To receive one of these coveted Host Community Agreements, Alderman says, a cannabis business needs zoning approval and a discretionary permit from the municipality. This often requires the operator to go before a deliberative body, such as a city council or zoning board. Some municipalities have additional requirements, such as board of health inspections, which would occur either right before or right after a business opens.
“And then the end-all and be-all of this entire process would be the Host Community Agreement, and that’s typically negotiated with the mayor or city council or board of selectmen, depending on the form of government,” Alderman says.
The state, on the other hand, does not have a competitive licensing scheme or cap on the number of adult-use licenses that will be issued, and simply requires applicants to complete a uniform application. Applicants must disclose all individuals with equity, operational or management interest in the license and satisfy the requirements of financial and background investigations. They must also offer a preliminary explanation of operations and security plans, Alderman says.
“Essentially, [this is] a preliminary showing of a well-thought out ability to comply with the various operational regulations of the Cannabis Control Commission,” he says.
The commission’s licensing scheme also has a social justice component, so applicants must demonstrate diversity in hiring and operations, as well as plans to positively impact communities that have been disproportionately impacted by cannabis-related arrests.
“For instance, an applicant we work with has a really successful program where they recruit from an inner-city community college, and things like that are asked and have to be demonstrated in state licensing,” Alderman says.
When an application is completed to the satisfaction of the Cannabis Control Commission, the applicant is awarded a provisional license, which is then subject to an architectural-, health- and security-related inspection by compliance staffers. After a successful inspection, the business is granted a final license, and so far, no final adult-use licenses have been issued in the state, Alderman says.
Recreational sales were originally expected to launch July 1, but businesses continue to slog through the licensing process with no clear start date in sight.
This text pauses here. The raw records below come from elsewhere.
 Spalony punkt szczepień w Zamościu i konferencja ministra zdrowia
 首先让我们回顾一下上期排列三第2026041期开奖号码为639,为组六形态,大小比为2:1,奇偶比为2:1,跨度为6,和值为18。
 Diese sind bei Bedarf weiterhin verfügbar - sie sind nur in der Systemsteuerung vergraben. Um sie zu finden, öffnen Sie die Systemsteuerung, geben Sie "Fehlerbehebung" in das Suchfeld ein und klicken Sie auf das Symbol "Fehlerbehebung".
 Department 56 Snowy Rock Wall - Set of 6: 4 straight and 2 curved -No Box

The first adult-use license for an independent testing lab was granted just last month.
“There is no indication of [a launch date] from the Cannabis Control Commission as I understand it, … either formally or informally,” Alderman says, but with the commission’s recent hiring of inspectors, he is hopeful that some final inspections will take place and final licenses will start to be issued soon.
Overall, businesses embarking on the licensing journey in Massachusetts should first and foremost find a location, Alderman says.
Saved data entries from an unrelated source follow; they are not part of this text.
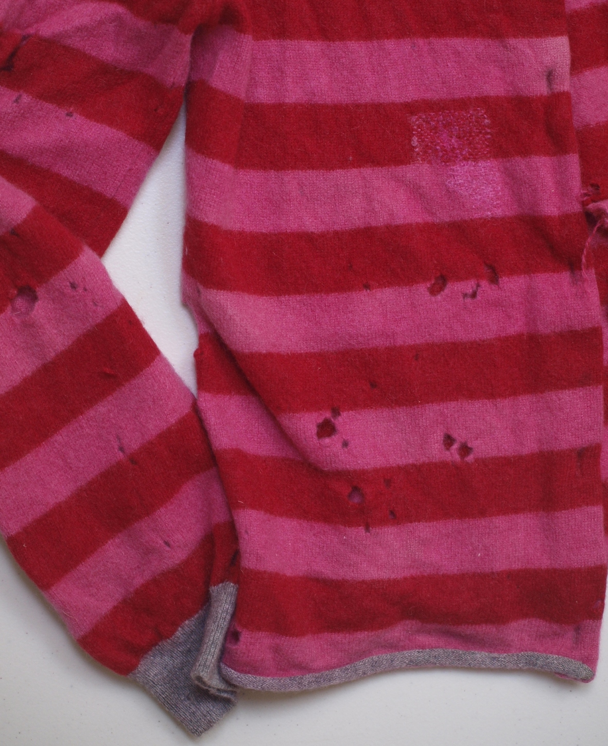 my totally moth eaten cashmere cardigan – but with darning still intact!
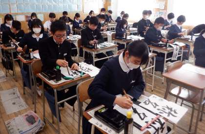 1月9日(火) 2学年の書き初め大会の様子です。2年生は「称名の滝」を行書で書きました。集中しています!
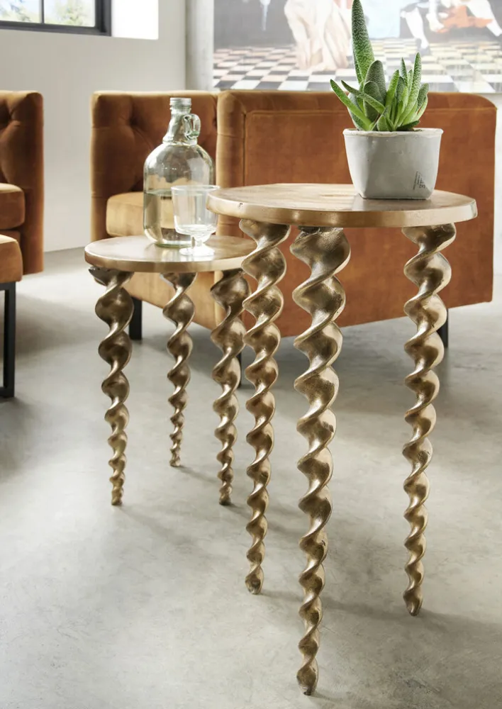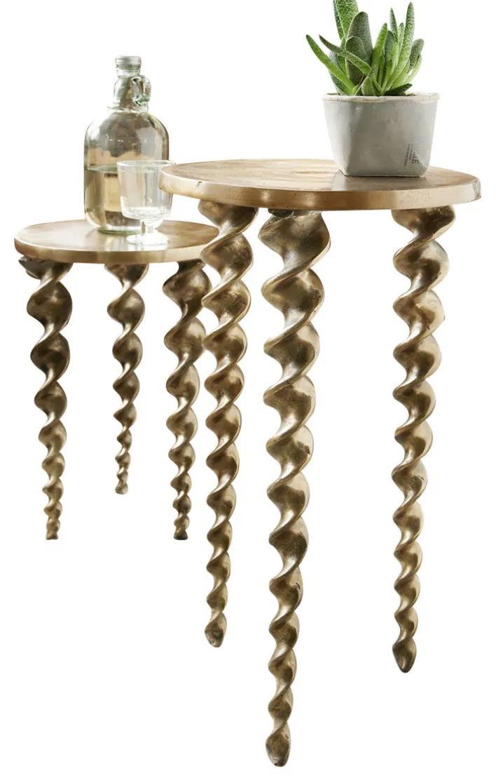 ZILO ist ein Beistelltisch der etwas anderen Art. Seine elegant geformten Beine mit den originellen Korkenzieher-Windungen fallen auf den ersten Blick ins Auge. Oben etwas breiter und nach unten hin schmal zulaufend verleihen sie dem 61 cm hohen Tischchen eine ganz besondere Grazie.
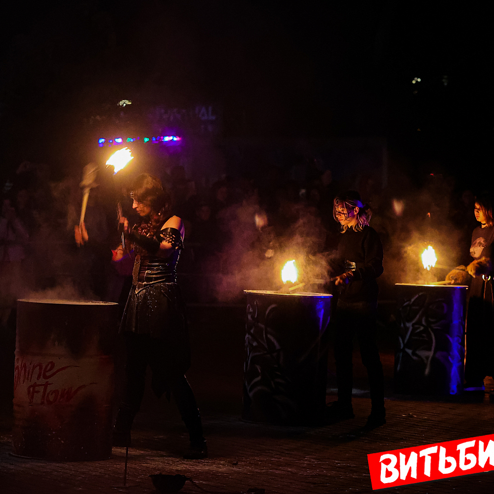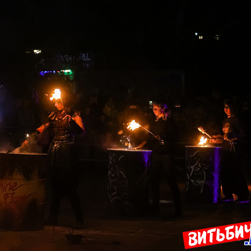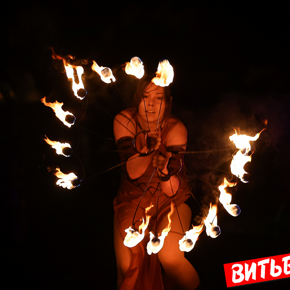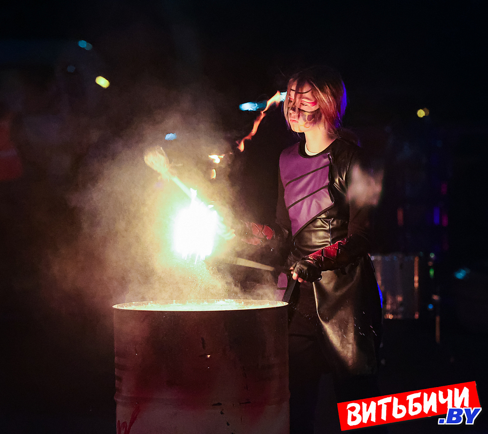Завораживающее искусство управления огнем, захватывающее эффектное представление под бодрящую динамичную музыку представили мастера из коллективов огненного шоу Витебска («Праздничный реактор «АТОМА», детская студия flow art и светового шоу Cool Kids, AGNI шоу), Минска и Речицы. Все они стали участниками первого микрофестиваля огненного искусства BURN OUT.
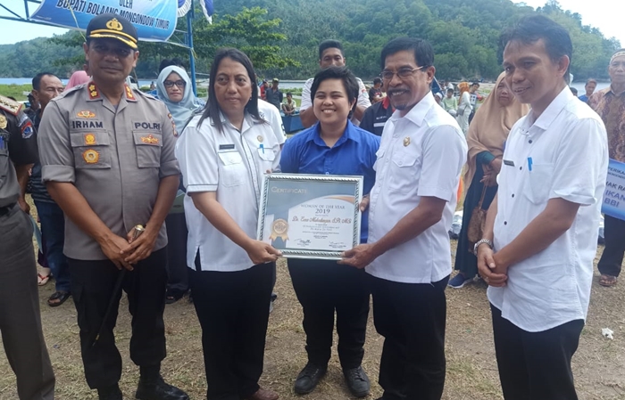 Bupati saat penyerahan bantuan didampingi Kepala Dinas Kelautan dan Perikanan Dr. Erna Mokodongan, SPi, MSi, Ketua DPD KNPI Boltim Amalia Landjar, Polres serta Pimpinan Satuan Kerja Perangkat Daerah (SKPD).

“Find great sites that work with the character of the community,” he says. “Reach out early and often to the municipality, and make sure they are comfortable with you, you are comfortable with them and there’s an ongoing dialogue. … [Ensure] that where and how you propose to operate your business is something palatable to them, and work through that local zoning and that Host Community Agreement. It all happens at the municipal level.”
Eventually, Alderman hopes that some level of transparency will be brought to the Host Community Agreement process. While some municipalities—such as Salem and Worcester—have created a uniform application process and established specialized committees to determine who should receive Host Community Agreements based on a variety of factors like location, compatibility of the neighborhood, diversity programs and the ability to succeed, others have not yet taken this leap.
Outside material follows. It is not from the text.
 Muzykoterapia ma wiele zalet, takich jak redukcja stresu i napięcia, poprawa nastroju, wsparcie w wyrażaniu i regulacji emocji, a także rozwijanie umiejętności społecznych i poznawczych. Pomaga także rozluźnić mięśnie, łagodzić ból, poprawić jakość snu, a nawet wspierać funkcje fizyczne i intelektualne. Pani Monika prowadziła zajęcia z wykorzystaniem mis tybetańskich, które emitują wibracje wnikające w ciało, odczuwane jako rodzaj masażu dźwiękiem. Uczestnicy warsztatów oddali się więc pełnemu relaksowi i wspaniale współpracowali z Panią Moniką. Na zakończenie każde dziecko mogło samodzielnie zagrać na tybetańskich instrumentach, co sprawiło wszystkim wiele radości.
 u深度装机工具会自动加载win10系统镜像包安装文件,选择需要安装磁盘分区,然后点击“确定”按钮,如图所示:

“I would say that transparency with the Host Community Agreement process is one area where we could see some improvement, and I believe we will as municipalities wrap their head around this issue,” Alderman says.
And as more municipalities zone for cannabis businesses, competition may abate, he adds. “This will probably never be the same as opening a coffee shop, but it will start to resemble opening a normal commercial business, … but still heavily scrutinized.”